Возвращение в Москву не оправдало надежд, не принесло радости. Театры, оспаривавшие право первой постановки "Попа и поручика", вдруг замолчали; переговоры и связи прекратились. Трудно было понять, что, собственно, произошло. Самолюбие мешало Кржижановскому расспрашивать о причине краха. Вывод был ясен: проникнуть на сценическую площадку так же трудно, как попасть на экран кино или в печать. В правильности этого вывода он окончательно утвердился, когда выяснилось, что постановку "Евгения Онегина" в Камерном театре, как я уже раньше рассказывала, тоже постиг крах.

"Самсон не боролся со своей мельницей. Он отращивал свои волосы, а может быть, и то, что под ними: мысль".

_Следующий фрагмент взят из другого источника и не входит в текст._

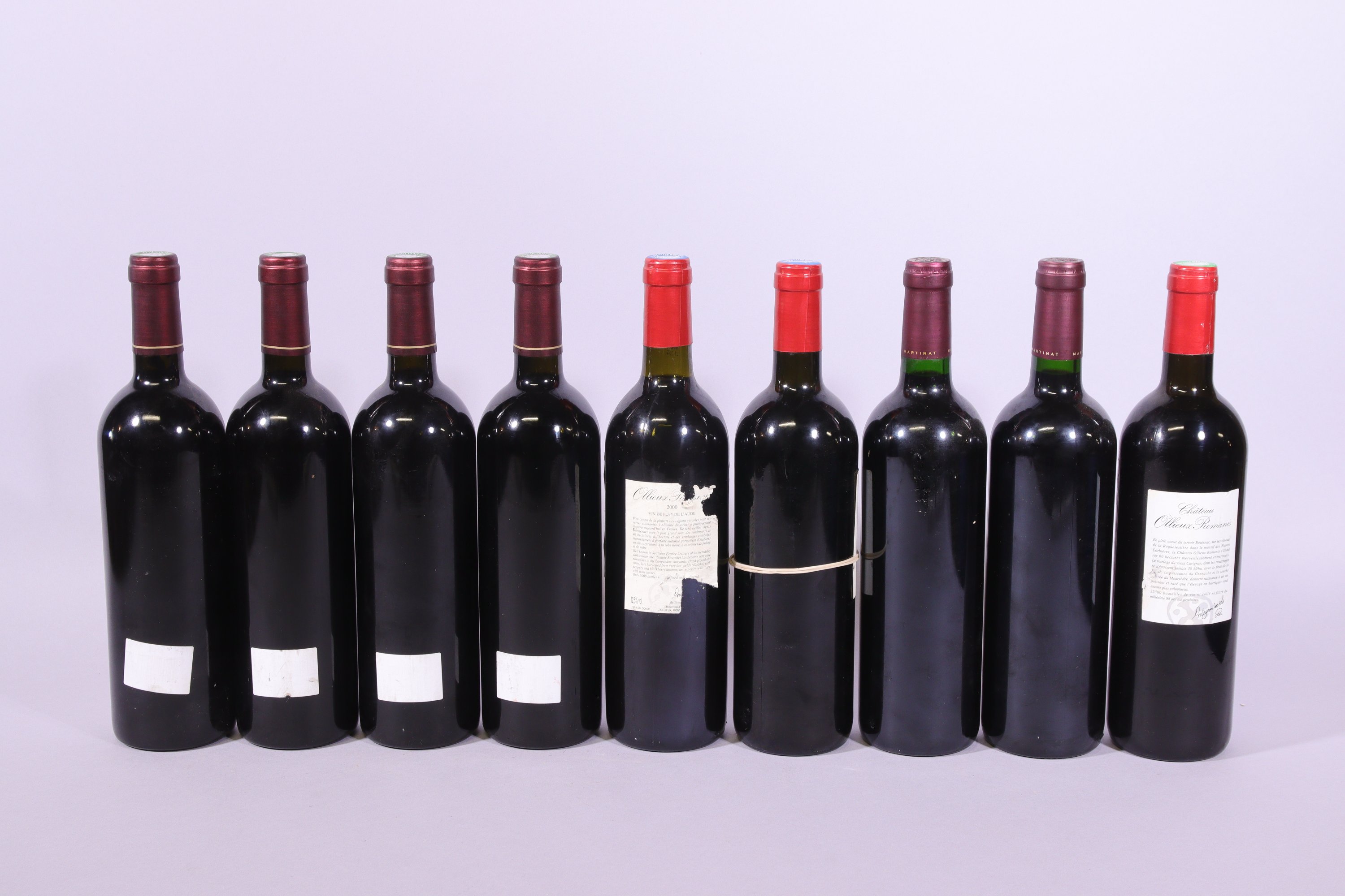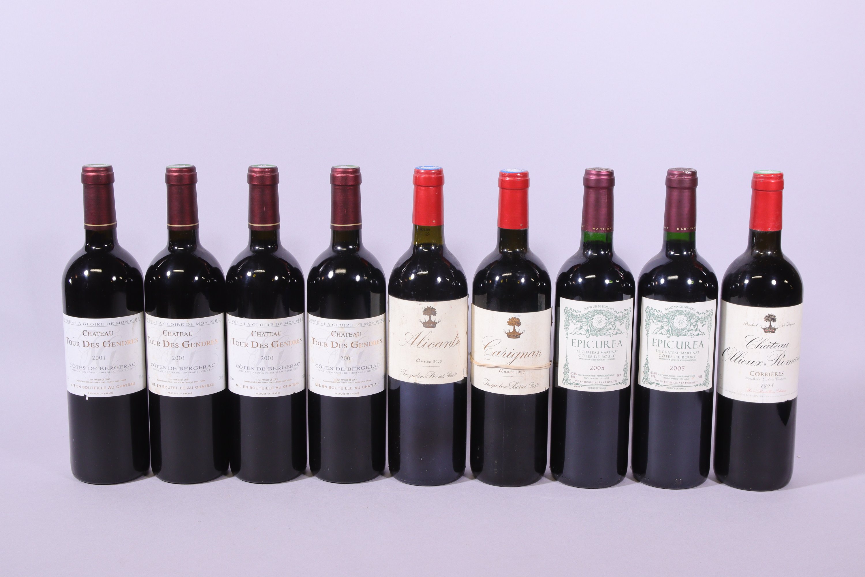 NEUF BOUTEILLES : BORDEAUX, Carignan, Jacqueline Bories, 1999, TLB, étiquette décollée ; BORDEAUX, Alicante, Jacqueline Bories, 2000, étiquette plissée ;CÔTES DE BOURG, Epicurea, Château Martinat, Marsaux Donze, deux bouteilles de 2005 ; CORBIÈRES, Château Ollieux Romanis, 1998, HE ; CÔTES de BERGERAC, Château Tour des Gendres, cuvée La Gloire de mon père, famille de Conti, 2001, quatre bouteilles.

Кржижановский продолжал писать. Он не мог не писать, также как пчела не может не откладывать мед, даже если убраны соты. Это были новые новеллы, которые он предполагал объединить в сборник "Чем люди мертвы". Работа была для него опасением. Он жил уединенно, избегая встреч с людьми и не заводя новых знакомств. Правда, одно неожиданное знакомство-встреча внесло тепло в его жизнь, но и то быстро рассеялось. С. Д. продолжал еще встречаться с Василенко: они вместе подготовляли монтаж "Попа и поручика" для радио. Кржижановский приехал однажды во Влахернское. Василенко угостил его великолепным со льдом квасом и гениальным с пылу с жару Филатовым. Сперва Владимир Петрович косился на С. Д., говорил как сквозь стену, но не то третий, не то четвертый парадокс заставил его распахнуть дверь.

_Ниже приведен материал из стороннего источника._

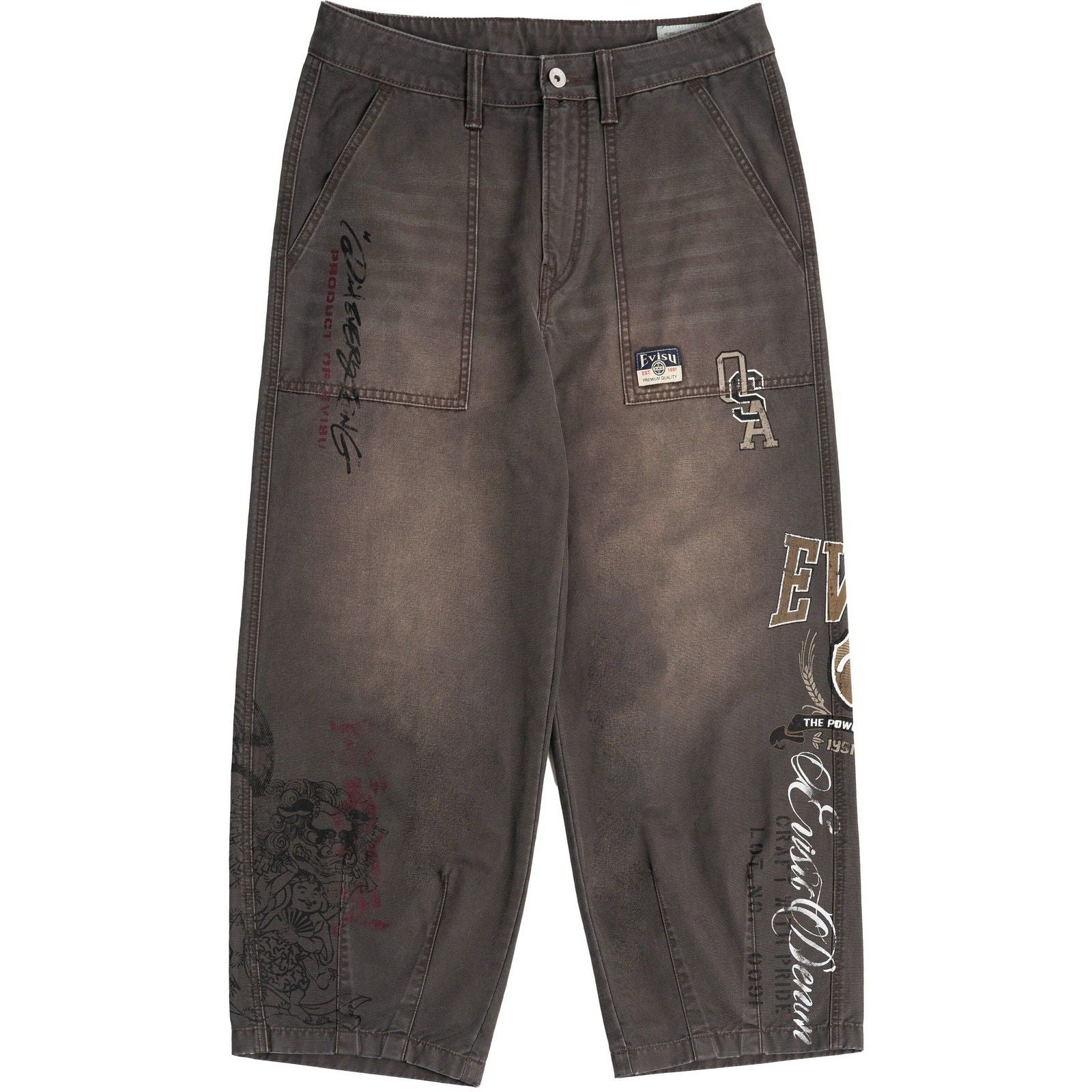 Pantaloni Uomo Evisu - Ht, Vintage Washed Woven Pants W/ Ao Print - Marrone

Кончилось тем, что Филатов увел его в свою комнату, читал свои стихи, робко и взволнованно, как ученик, взяв с него слово, что он еще приедет и вообще они будут видеться. Но даже это знакомство Кржижановский не закрепил. Встречи с людьми были для него болезненны. Он чувствовал себя проигравшим игроком, неудачником, стыдился своей роли, но в то же время не переставал верить в свои творческие возможности и полезность своей работы. Особенно тягостно ему было общество писателей.

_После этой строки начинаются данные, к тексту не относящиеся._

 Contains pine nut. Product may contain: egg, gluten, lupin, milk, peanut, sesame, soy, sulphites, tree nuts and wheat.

Ланны устроили ему бесплатную двенадцатидневную путевку в Дом отдыха писателей в Голицыне. Кржижановский отказался ехать, но в конце концов уступил настоянию товарища. На десятый день он сбежал. У него была хорошая комната, все удобства для работы, но моральная обстановка оказалась тягостной: "Мне об этом не говорят, - жаловался он, - но ощущают меня как некий призрак, привидение от литературы. Причем ничуть не страшное. Я являюсь к чаям, ужинам, затем рассеиваюсь за дверью комнаты № 8".

Ни явь, ни сон не давали ему покоя, алкоголь стал для него необходимостью. Когда его спрашивали, что привело его к вину, он говорил, отшучиваясь: "Трезвое отношение к действительности".

И все же он продолжал писать. В тридцать девятом году он закончил пьесу "Тот, третий". Первоначально тема была задумана как роман. С. Д. хотел найти возможные литературные решения незаконченной повести Пушкина "Египетские ночи". Почему "Тот, третий" имени векам не передал. Постепенно его стала неотступно увлекать тема сыска, преследования и бегства. В пьесе обе темы переплелись: литературная и философская. Заканчивался и цикл рассказов о Западе.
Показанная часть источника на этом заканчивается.